Standard Replay Approach
Since Apache Pulsar uses Kafka-compatible APIs, you can use Speedscale's standard replay capabilities with Kafka client libraries:
- Capture Production Traffic: Use Speedscale to capture your application's interactions with Apache Pulsar
- Create a Snapshot: Create a snapshot from the captured traffic
- Run a Replay: Use Speedscale's standard replay functionality to replay the traffic
For detailed instructions on using Speedscale's standard replay capabilities, see the Getting Started Guide.
Alternative: Custom Load Driver Approach
Apache Pulsar supports multiple protocols. The most common approach is using the Kafka-compatible API, which allows you to extract and replay traffic using the same approach as Kafka. For detailed information on extracting Kafka traffic, see the Kafka guide.

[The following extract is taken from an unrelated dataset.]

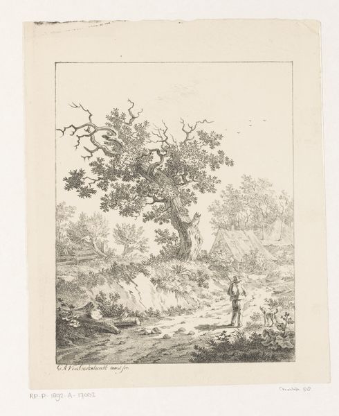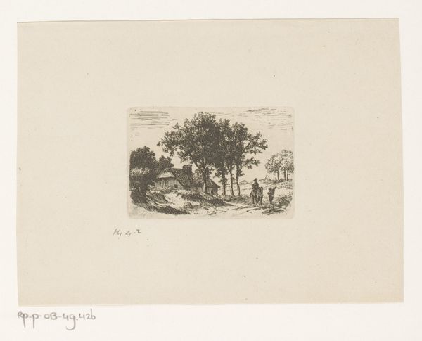 Editor: We're looking at Charles Jacque's "Landscape with Figure in the Water near a Rowing Boat" from 1846, made with etching. The detail is impressive. What immediately strikes me is how seemingly mundane a scene is made so compelling through the etching technique. How do you read this work? Curator: Consider how the etching medium itself democratized image production in the 19th century. Here we see landscape, but not just any landscape – one intimately connected to labor, notice the figure wading, the suggestion of a boat, presumably for fishing or transport. Jacque isn't just presenting nature; he's showing us its entanglement with the lives and work of ordinary people. Editor: So it’s not simply romanticizing rural life? Curator: Precisely. We must consider who had access to these images. Prints circulated widely, even among those who could not afford paintings. Etchings like these became part of a broader visual culture. What impact might it have when everyday citizens see artworks that include representations of work that resembles their own experience? Also, I think the roughness inherent to the etching process itself speaks to labor. What do you think about that aspect? Editor: I hadn’t considered that, the 'roughness'. It seems at odds with some academic landscapes that were prevalent at the time. Curator: It disrupts the hierarchy. This artwork allows us to consider how images are manufactured, distributed, and consumed within a society. Labor, materiality, consumption - all key to a materialist view. Editor: This has given me a totally new way to consider the work, moving beyond just its aesthetic appeal. The means of production definitely changes my viewpoint. Curator: Indeed! The method isn't secondary; it's intrinsic to understanding the image's meaning.

Method 1: Using Kafka-Compatible API
Pulsar's Kafka-compatible API allows you to use standard Kafka client libraries. Extract message data and timestamps from Pulsar Kafka traffic:
speedctl extract data <snapshot-id> --path kafka.response.FetchResponse.topics.0.partitions.0.records.records.0.valueString --path .ts --filter='(command IS "Fetch")'
Method 2: Using HTTP REST API
If you're using Pulsar's HTTP REST API, extract message payloads:
speedctl extract data <snapshot-id> --path .http.request.body --path .ts
Method 3: Using gRPC API
If you're using Pulsar's gRPC API, you can extract data from gRPC messages. See Speedscale's gRPC documentation for details on extracting gRPC traffic.
Create your producer
Create a custom load producer using Kafka client libraries (for Kafka-compatible API), HTTP client (for REST API), or gRPC client (for gRPC API). The steps are:
- Read the CSV from the previous step
- Create a Kafka producer, HTTP client, or gRPC client configured for Pulsar
- Iterate over the CSV
- For each row, extract the message body and optionally the timestamp
- If timing mode is enabled, wait between messages to match the original recording timing
- Send the message to Pulsar
- Wait for delivery confirmation
Example scripts in multiple languages using Pulsar's Kafka-compatible API are provided below.
- Go
- Java
- TypeScript
- Python
package main
import (
"encoding/csv"
"flag"
"fmt"
"io"
"os"
"time"
// Using Kafka client library for Pulsar's Kafka-compatible API
"github.com/confluentinc/confluent-kafka-go/kafka"
)
var (
respectTiming = flag.Bool("respect-timing", false, "Respect original message timing from recording")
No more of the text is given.